К зарождавшемуся экспрессионизму Краус отнесся благосклоннее, чем к импрессионизму, особенно к «тирольскому» варианту экспрессионизма — к поэту Георгу Траклю и выпестовавшей его редакции журнала «Бреннер». Собственно, предощущением экспрессионизма была уже в начале века драматургия Карла Шенхерра (1867—1943). Его пьесы представляли собой синтез самых разных направлений и идейно-стилевых тенденций начала века. Шенхерр стал крупнейшим в Австрии мастером народно-крестьянской драмы, соединившей в себе натурализм с его пристрастием к социальной проблематике и быту, некоторую романтизацию патриархальных устоев в духе почвенничества, наконец, близкую к «философии жизни» героизацию и демонизацию иррационально-природных начал народной души, приводившую к экспрессионистической напряженности и даже экстатичности действия. Все это соединялось со свойственной классическому народному театру простотой мотивировок, лукавым юмором, здравым взглядом на вещи.
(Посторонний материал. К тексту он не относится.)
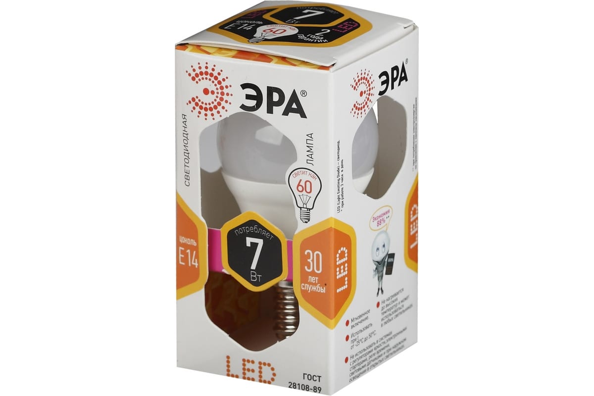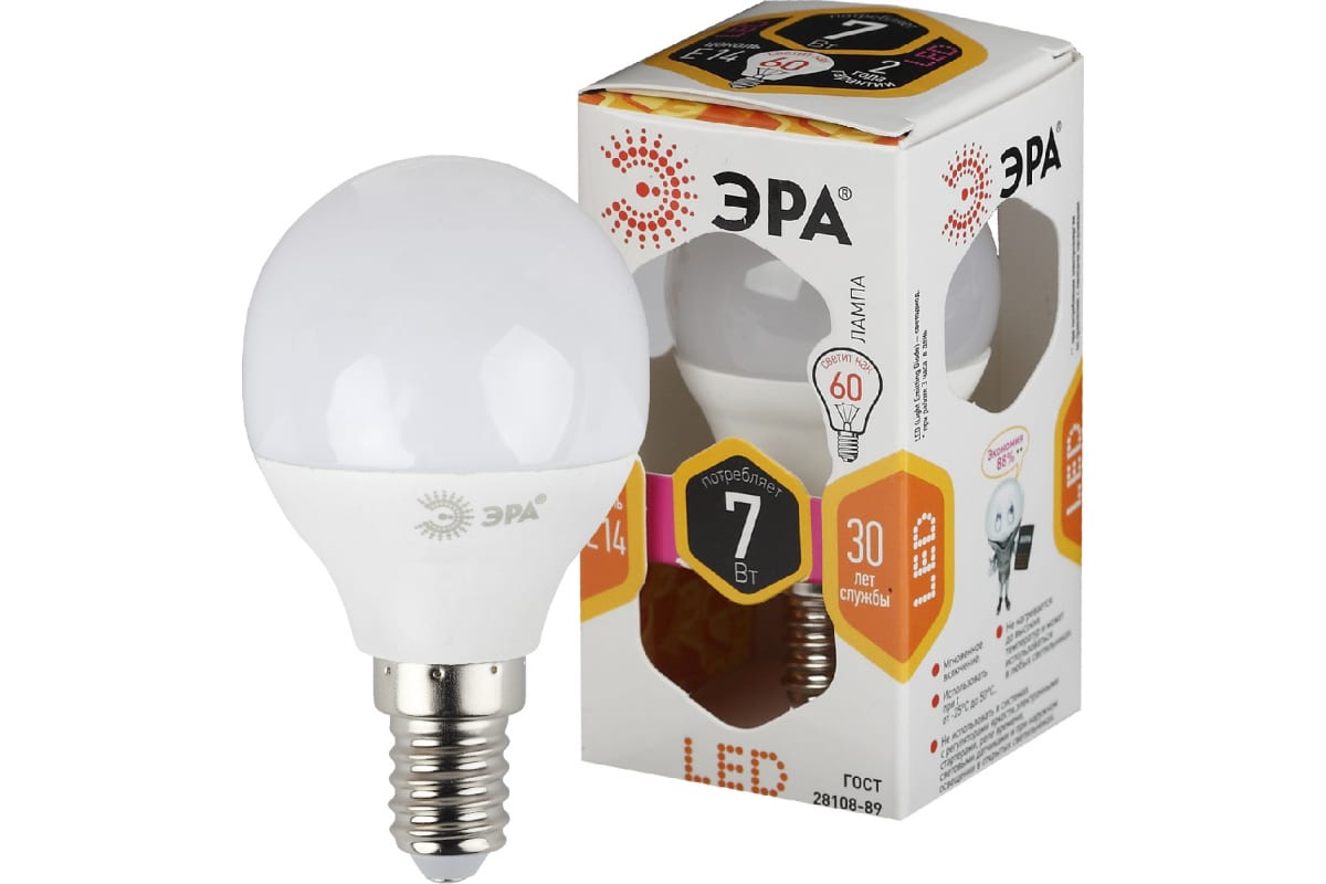 Светодиодная лампа ЭРА LED smd P45-7w-827-E14 Б0020548 создаёт яркое ровное освещение и экономит до 90% электроэнергии по сравнению с лампой накаливания с аналогичным световым потоком. Светит теплым светом с жёлтым оттенком - такая цветовая температура эффективна для отдыха и уютной атмосферы в доме. Используется в потолочных, настенных, настольных светильниках, в люстрах и бра. Мгновенно включается и не нагревается.

Тяга к натурализации изображения обязала Шенхерра писать свои пьесы на родном для него тирольском диалекте. Творчество Шенхерра не знало эволюции, в жанровом отношении оно тоже едино, ибо его исторические драмы так же воспроизводят некие константы национальной жизни, как и драмы на современные темы. Из обширной драматургии Шенхерра наибольший успех выпал на долю пьес «Земля» (1907), «Вера и родина» (1910), «Народ в нужде» (1915). Свойственная Шенхерру мифизация национальной, особенно крестьянской, жизни определила те спекуляции на его творчестве, которые проводила нацистская пропаганда и псевдоэстетика.

Движение от импрессионизма к экспрессионизму выразилось в поэзии Георга Тракля (1887—1914), принадлежащей к наиболее весомым немецкоязычным поэтическим достижениям XX в.
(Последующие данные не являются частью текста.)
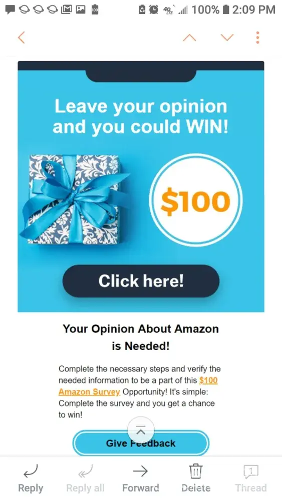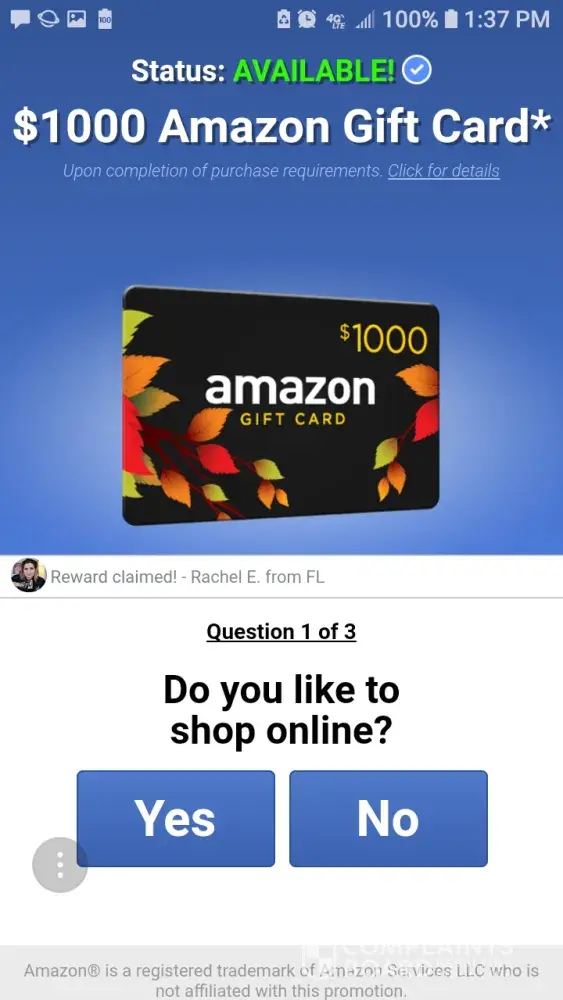 I got an email saying if I completed a survey I would get $1, 000 Amazon or $1, 000 Walmart gift card of my choice I completed the survey and nothing happened it's a bunch of BS. It's a terrible way to do business and someone needs to do something about it cuz they need to stand behind their word. I would really like to receive my gift card or why even have a survey? Please send my gift card to

Ранние стихи Тракля полны импрессионистической зыбкости и сумеречности. Их пронизывают мотивы неоромантического томления: блеклые краски заката в покинутых парках, пришедшие в запустение дворцы и замки, подернутые ряской пруды, руины. Здесь преобладают настроения одиночества, бренности, неизбывной печали, скорбной тоски.

Постепенно в поэзию Тракля входит тема очищающего страдания, тема духовного подвига

355

как прорыва к устойчивым ценностям. Зло мира сосредоточивается в пределах городских, понятие «города» становится равнозначным понятиям ада, проклятия. Антиурбанистические виде́ния Тракля придают этой поэзии колорит мрачной фантазии. Осквернение святынь и гибель народов — таким провидится поэту будущее Европы («Страна заходящего солнца»). Само понятие «закат Европы», распространившееся в 20-е годы благодаря нашумевшей книге О. Шпенглера, впервые предстает в поэзии Тракля.

Постепенно он вырабатывает свой поэтический стиль с емкой, но весьма устойчивой символикой. Носителями былой, гибнущей органики становятся такие древние христианские символы, как «хлеб» и «вино». Возникают сквозные метафоры — «осень», «тление», «безумие», «сон», «забытье». Чрезвычайно уплотняется и метафоризуется, как вообще в экспрессионизме, ощущение цвета. «Золотой», «белый», «голубой», «серебряный», «красный», «черный» — это не поверхностные характеристики вещей, а знаки их внутренне-ценностной иерархии.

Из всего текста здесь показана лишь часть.